Since they had no idea how to revive and run the theatre, Girija’s family decided to convert the building close to their house into an auditorium for live events. But no one wanted to hire a hall so close to a theatre that played pornography.

“Then we decided to renovate the theatre and get a good name for it. We struggled a lot to manage a bank loan, but many contractors refused to take up the work. They all said it was a shame for them to work on such a theatre,” Girija recalls.

Meanwhile her father’s brothers filled out the land where her father was buried, and sold it. “I was pained. I went there, took a handful of soil and buried it inside the theatre, and decided that I will fight to fulfil my father’s dream of renovating the theatre,” Girija says.

By this time, Girija had also started practicing dentistry in a hospital in Kothamangalam to support her family. “Nobody helped us, but I had the support of my mother and sister. We slowly started the renovation work, and restructured the theatre into multiplex standard. Girija theatre was the first theatre in Thrissur to introduce stadium seating, Qube digital projection, and recliner seats,” she says.

But the big hurdle was giving the theatre a good start.

Girija and Krishnapriya went to all the major distributors in Kerala, but it was all in vain. “Some of them taunted us, saying that people are worried that we will project soft porn scenes in between good movies,” she says.

That was when Girija heard that Twenty:20, the 2008 blockbuster that featured a veritable who’s who of Malayalam cinema’s acting heavyweights, was set to hit screens.

But a major obstacle in Girija’s way was the Kerala Film Exhibitors Federation (KFEF), headed by Liberty Basheer. The association distributed new releases only to select theatre owners that association members were close to, alleges Girija. “Then actor Dileep, who was also the producer of the movie, helped me get Twenty:20. I remember him with gratitude. That was a super start for us, and we could change the theatre’s image with just one movie,” she says.

For the first time in more than 25 years, family audiences returned to Girija theatre. But, says Girija, though some more mainstream films then played in the theatre, their battles weren’t done. Thanks to Federation interference, she says, the theatre regularly struggled to obtain rights for films for three years.

“The Federation played a lot of games. Many times they had taken advance from us and cheat us by not giving the movie as promised, that they would give to some other theatre of their choice. In 2010, federation directed the distributor to delete the movie Pokkiriraja just before its projection. I fought that day, called the police, reloaded the film and screened it,” says Girija.

As a result of all these tussles, regular screenings of movies did not occur, and Girija struggled to repay the loans that had been taken to renovate the theatre. But Girija persevered, holding down her job in the hospital to keep the family afloat amidst its many battles.

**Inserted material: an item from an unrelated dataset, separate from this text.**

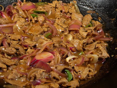 Na 5 minuten is het rundvlees in de jus klaar. Eet smakelijk!

And many battles there were. “Once the operator got drunk and fell asleep just before the projection a movie was to start. That day we had to cancel the show. Then I went and got an operator’s license myself so that no more shows would have to be stopped,” says Dr Girija.

Girija also made Krishnapriya obtain an operator’s license, only the third woman in Kerala to have one, she says. “I have no hesitation to take up the role of an operator, because I have shed my blood to bring up this theatre,” she adds.

Eventually, her perseverance paid off. With hits like 2015’s Premam hitting Girija Theatre, it finally began to be accepted as a space for all audiences. And with the formation of the Film Exhibitors United Organisation of Kerala (FEUOK), under Dileep’s leadership, the climate among distributors changed to Girija Theatre’s advantage too.

Girija's journey has been chronicled by women's magazine Vanitha and others. Girija hopes this would inspire other women to fight for their rights.

“Now families are our main audience. I am so happy about that. We have been able to prove ourselves and wash away 25 years of taint,” says Girija, who now also teaches at the Al Azhar Dental College in Thodupuzha.